Burton Westermeier

Burton Westermeier's picture
Research interests: 

Medieval Europe

Bio: 
I am a sixth-year PhD candidate studying the political, religious, and social history of medieval Europe. My particular interests include the study of bishops and the secular clergy, urban history, and the history of Iberia in the High and Late Middle Ages with an emphasis on the Crown of Castile.
 
My dissertation, entitled “Bishops and Towns in Medieval Castile, c. 1230-1350,” examines how the contentious relationships between prelates and the urban communities over which they ruled as both secular lords and spiritual fathers shaped the social, political, and religious landscapes of Castile between the reigns of Fernando III and Alfonso XI. To complete this project, I have consulted materials in archives throughout Spain including Palencia, Santiago de Compostela, and Toledo with support from Yale’s MacMillan Center for International and Area Studies.
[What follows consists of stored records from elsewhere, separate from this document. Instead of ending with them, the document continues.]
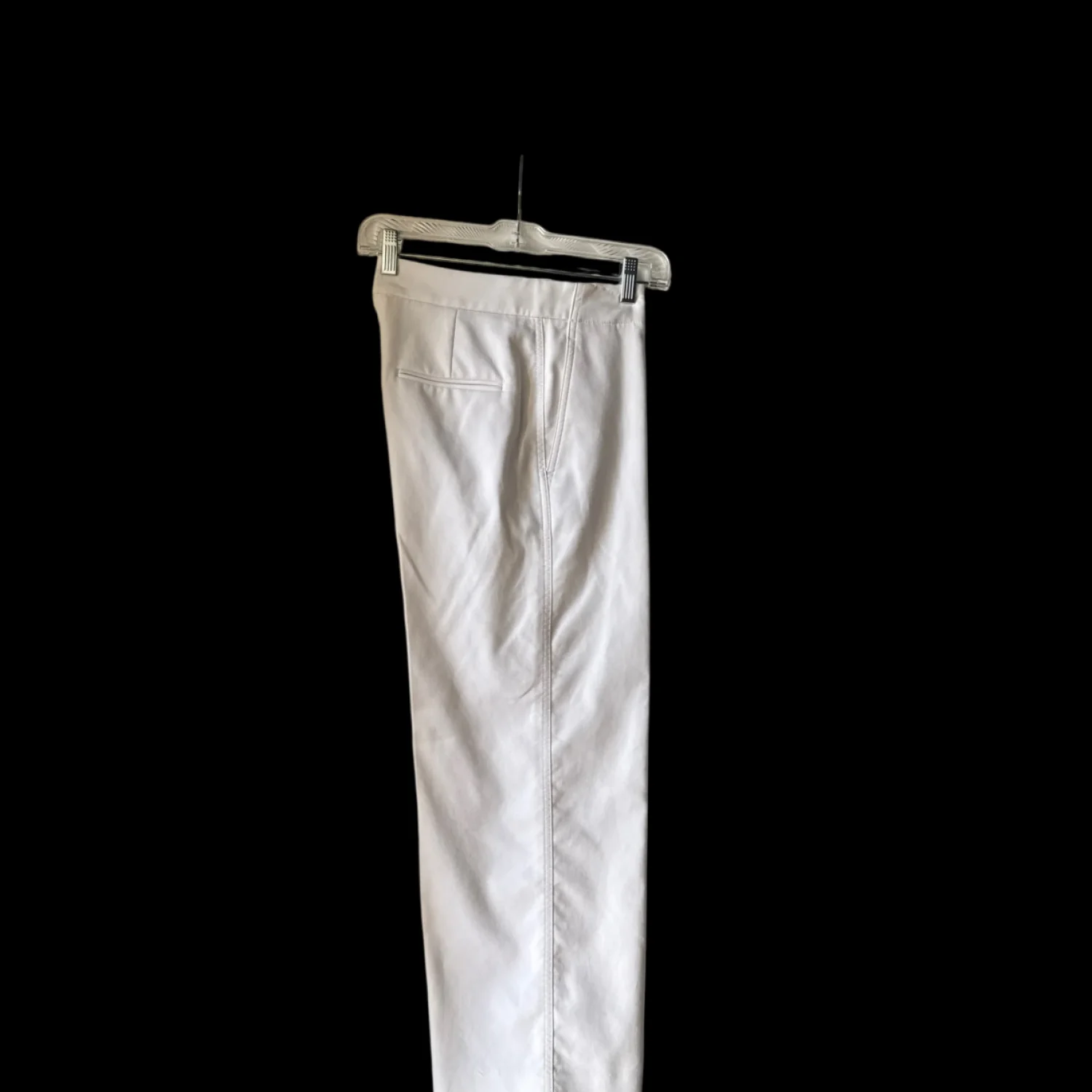 Beautiful white ankle crop pants from Ann Taylor offer a sleek and elegant look. Made from a comfortable fabric, they are perfect for both casual and formal wear. The pants feature a concealed hook and bar closure, zip fly, and side pockets. They are in excellent condition with minimal signs of wear. #AnnTaylor #WhitePants #CasualWear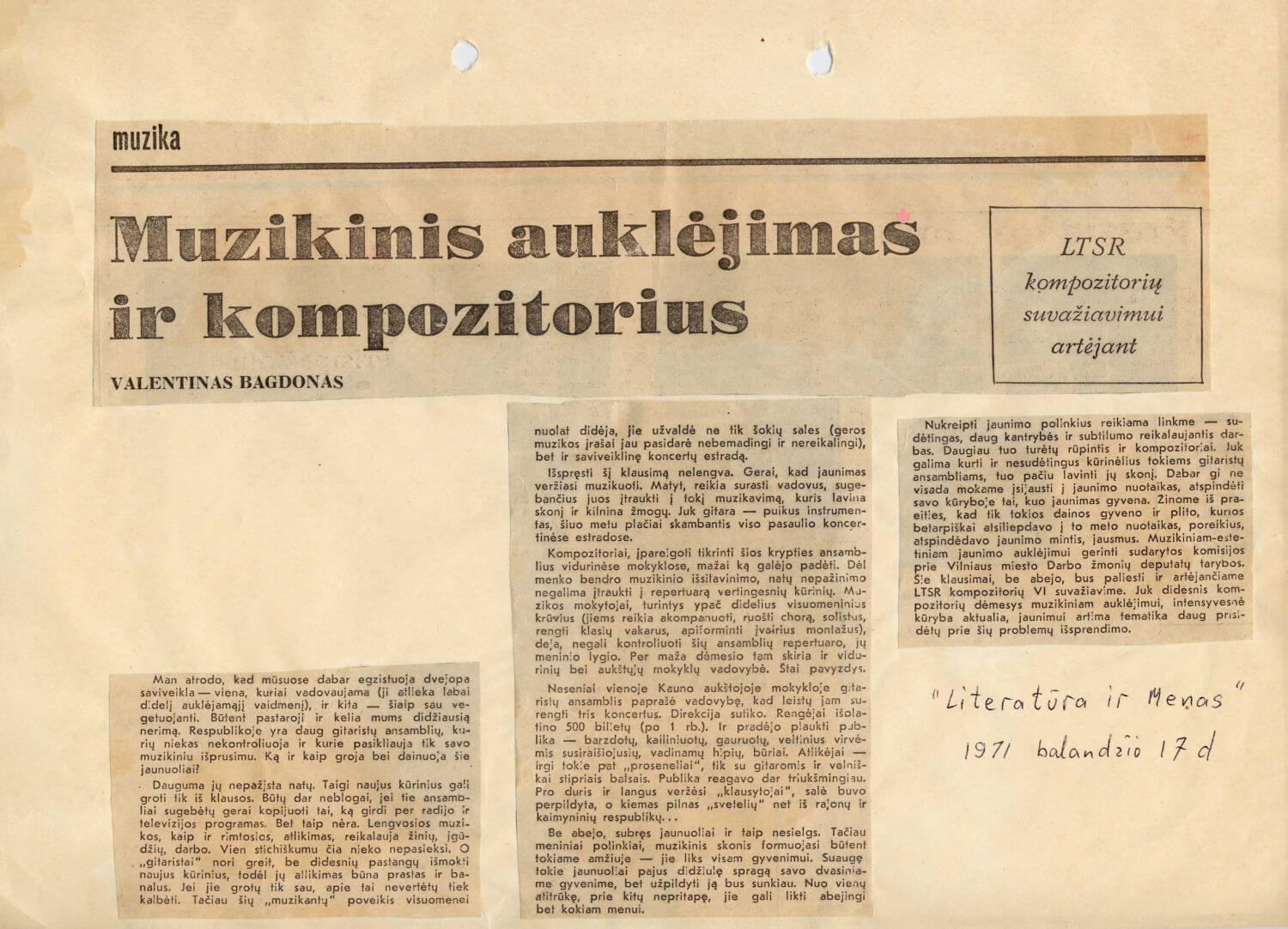 Composer Valentinas Bagdonas, in his article “Musical Education and the Composer” in the weekly Literatūra ir menas (“Literature and Art”), criticizes Lithuanian rock musicians and briefly describes his impressions of the “Kaunas Pop Session” rock festival held on February 20–21, 1971, at the Faculty of Automation hall of the Kaunas Polytechnic Institute.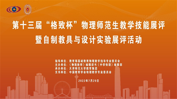 7月29日,基于师范专业认证的物理学科育人论坛暨全国第十三届“格致杯”物理师范生教学技能交流展示活动在线举行,本次活动由教育部基础教育物理教学指导专业委员会指导,《物理教师》和《中学物理》杂志编辑部联合主办,天津师范大学教育集团承办。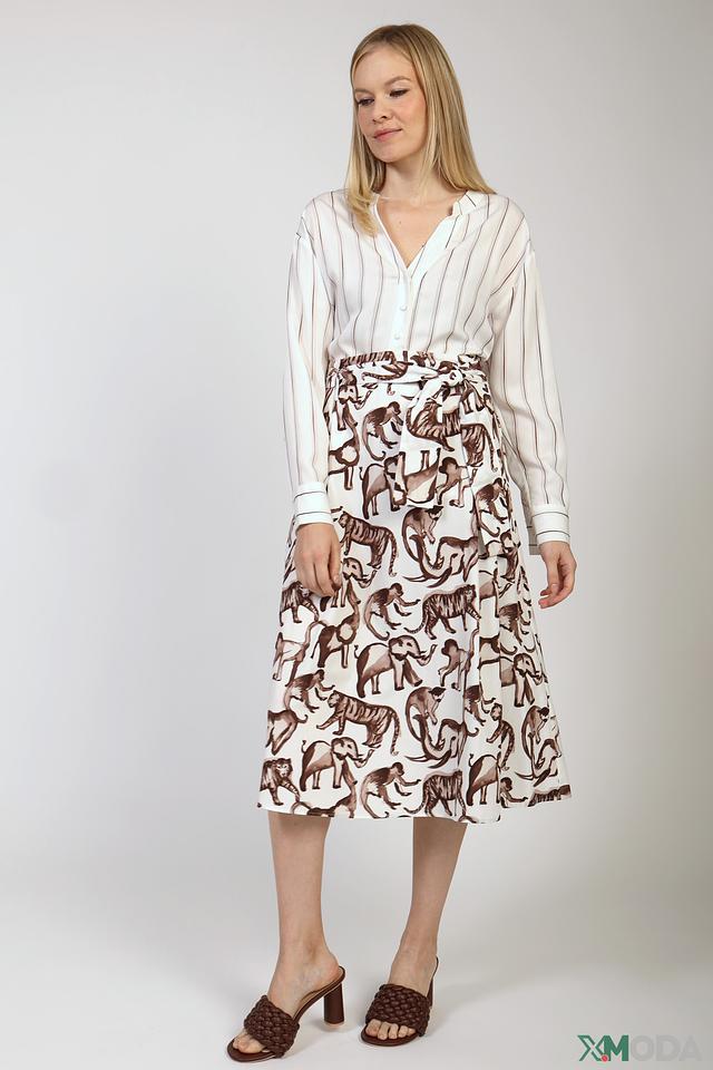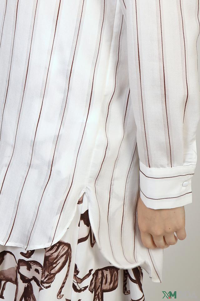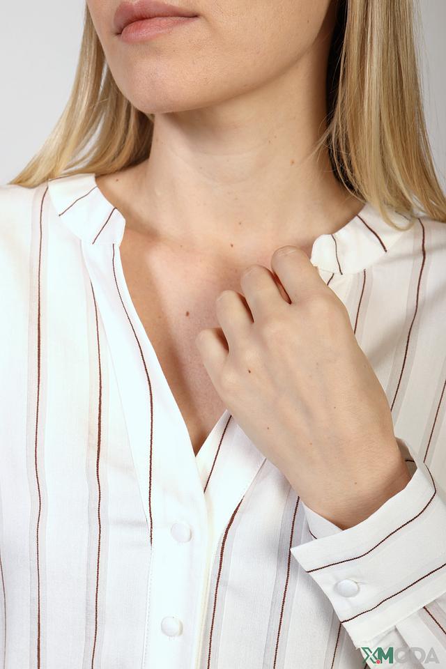 Эта блуза от Comma станет прекрасным дополнением к вашему гардеробу. Выполнена в белом цвете с вертикальной полоской коричневого оттенка, что придает ей изысканность и свежесть.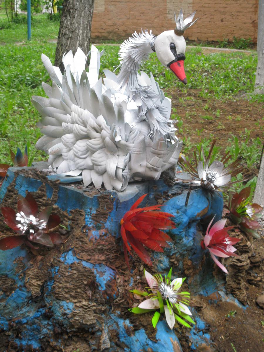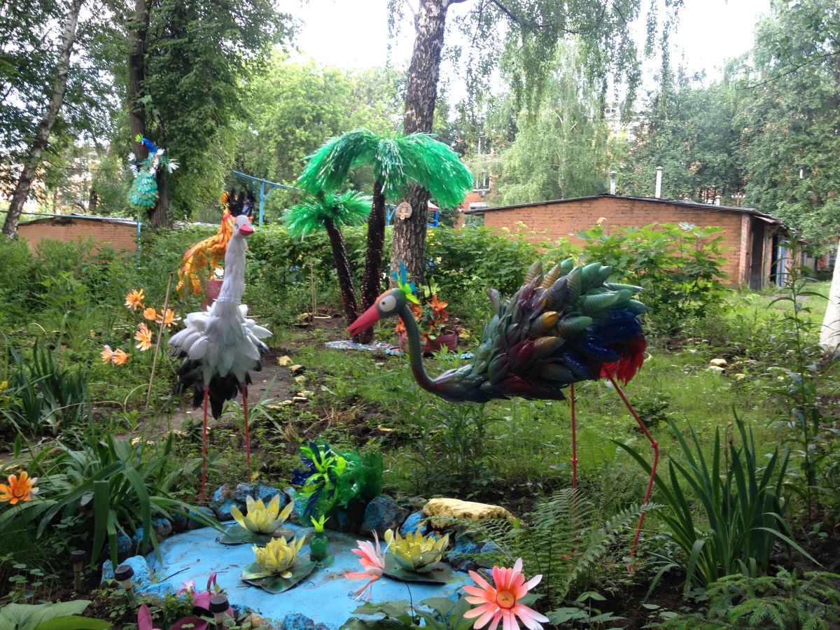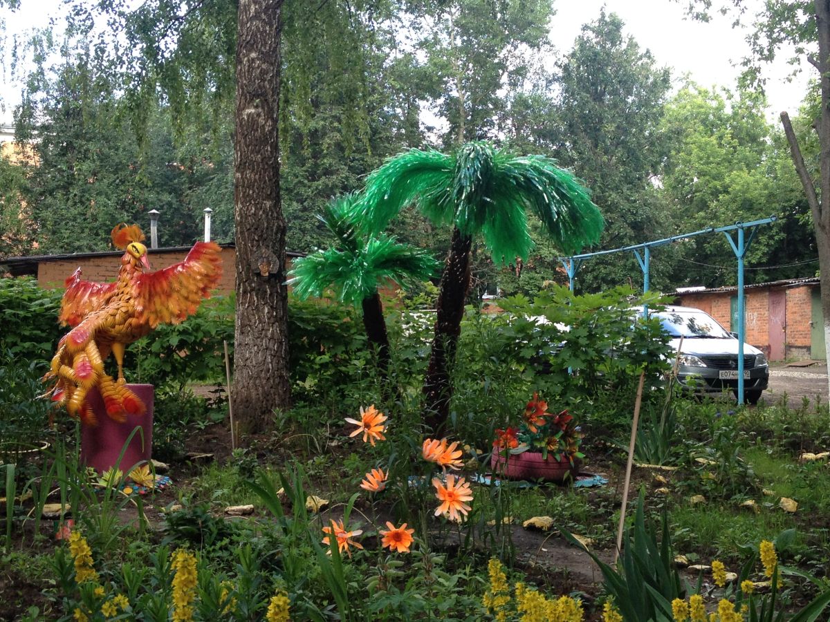 Часто хожу мимо этого дворика, довольно наивно и неуклюже все сделано. Только наклонная цаплястраус получилась пластичная, душевная. Но. у кого то неплохая техника работы с мягкими материалами, я так понял там многое из стаканчиков сделано или подобного пластика. В сумме хоть и пестро - но мило. И главное что не смотря на кучу праздношатающихся подростков, алкашей и гастарбайтеров, дворик не тронут.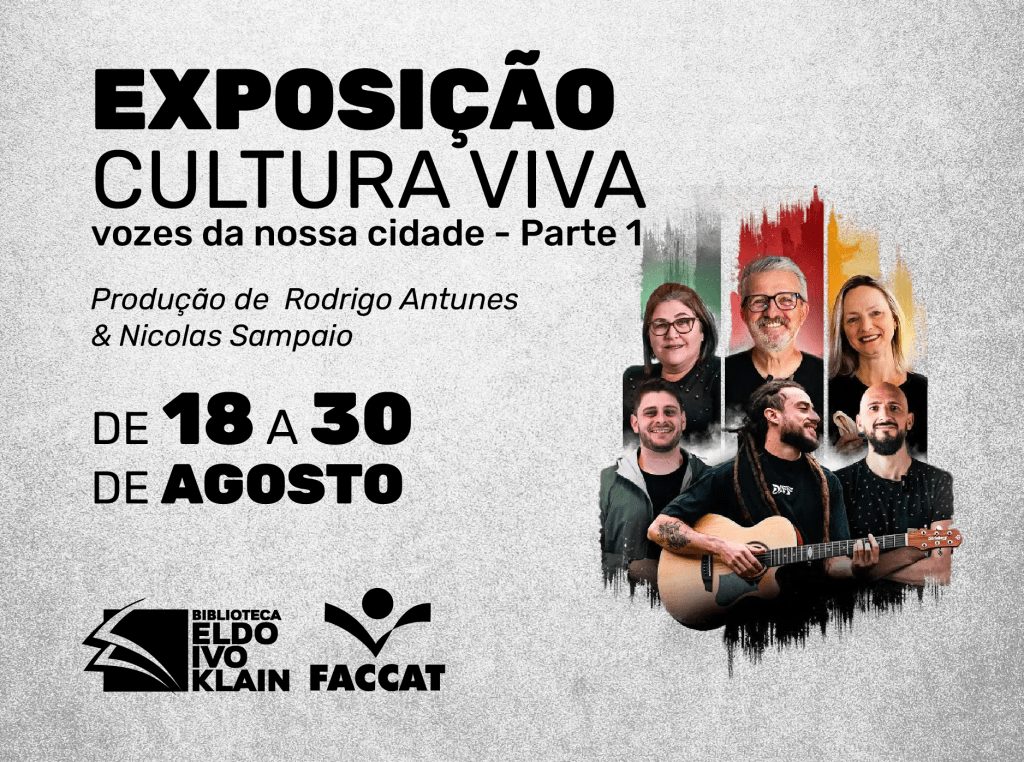 A Biblioteca Eldo Ivo Klain, das Faculdades Integradas de Taquara (Faccat), será palco da exposição “Cultura Viva: vozes da nossa cidade – Parte 1”. Realizada entre os dias 18 e 30 de agosto, a ação tem entrada solidária, com a doação de um (1) quilo de alimento não perecível, que será destinado ao Lar Padilha, de Taquara. A abertura oficial ocorre no dia 18 de agosto, às 20h, com uma conversa especial com o produtor cultural Rodrigo Antunes.

I have also received a Foreign Language and Area Studies (FLAS) Fellowship to study Portuguese at the University of Chicago.
 
I serve as a curatorial assistant at the Beinecke Rare Book and Manuscript Library and I am an instructor for an annual workshop series on Digital Editing and the Medieval Manuscript Roll/Fragment which centers on teaching TEI coding techniques to graduate students in order to enable them to create digital editions of medieval manuscripts.
 
Originally from Boise, ID, I graduated from the University of North Carolina at Chapel Hill in 2014 with a B.A. in History and Religious Studies and a minor in Latin. Subsequently, I studied postclassical Latin at the University of California at Los Angeles as the recipient of an Andrew W. Mellon Fellowship.